Ellen J. Tisdale, Jing Wang, Robert B. Silver, Cristina R. Artalejo

Research output: Contribution to journalArticlepeer-review

8 Scopus citations

Abstract

The small GTPase Rab2 requires atypical protein kinase C ι/λ (PKCι/λ) kinase activity to promote vesicle budding from normal rat kidney cell microsomes (Tisdale, E. J. (2000) Traffic 1, 702-712). The released vesicles lack anterograde-directed cargo but contain coat protein I (COPI) and the recycling protein p53/p58, suggesting that the vesicles traffic in the retrograde pathway. In this study, we have directly characterized the role of PKCι/λ in the early secretory pathway. A peptide corresponding to the unique PKCι/λ pseudosubstrate domain was introduced into an in vitro assay that efficiently reconstitutes transport of vesicular stomatitis virus glycoprotein from the endoplasmic reticulum to the cis-medial Golgi compartments.
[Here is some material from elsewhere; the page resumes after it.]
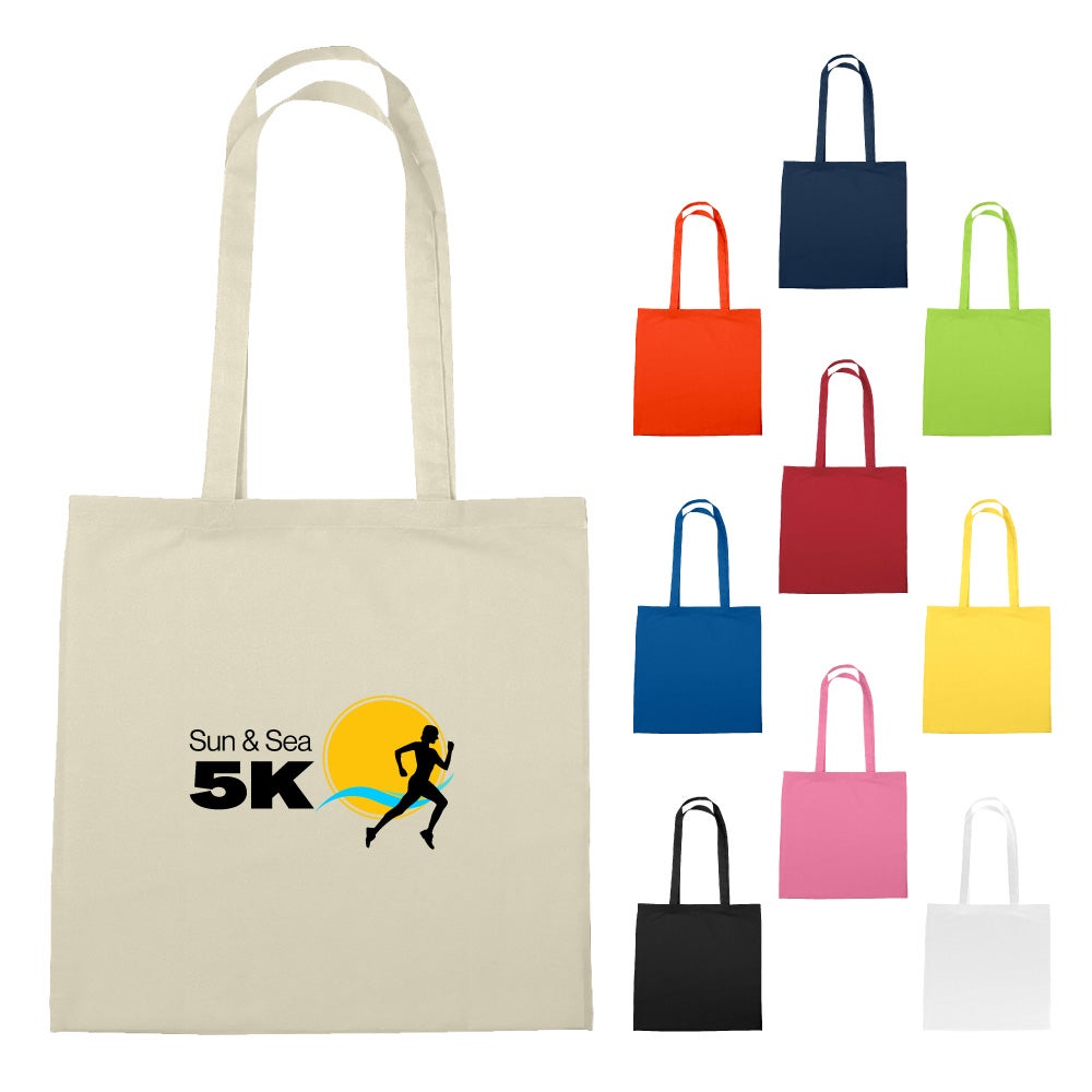 Lightweight custom tote bag is made of four ounce, 100% natural cotton. Budget-friendly tote bag has 30" handles. Spot clean and air dry. Eco-friendly cotton bag can be used for trade shows or as a gift bag.

This peptide blocked transport in a dose-dependent manner. Moreover, normal rat kidney cells incubated with Rab2 and the pseudosubstrate peptide displayed abundant swollen or dilated vesicles that contained Rab2, PKCι/λ, β-COP, and p53/p58. Because Rab2, β-COP, and p53/p58 are marker proteins for pre-Golgi intermediates (vesicular tubular clusters, VTCs), most probably the swollen vesicles are derived from VTCs. Similar results were obtained when the assays were supplemented with kinase-dead PKCι/λ (W274K). Both the pseudosubstrate peptide and kinase-dead PKCι/λ in tandem with Rab2 caused sustained membrane association of PKCι/λ, suggesting that reverse translocation was inhibited. Importantly, the inhibitory phenotype of kinase-dead PKCι/λ was reversed by PKCι/λ wild type. These combined results indicate that PKCι/λ is essential for protein transport in the early secretory pathway and suggest that PKCι/λ kinase activity is required to promote Rab2-mediated vesicle budding at a VTC subcompartment enriched in recycling cargo.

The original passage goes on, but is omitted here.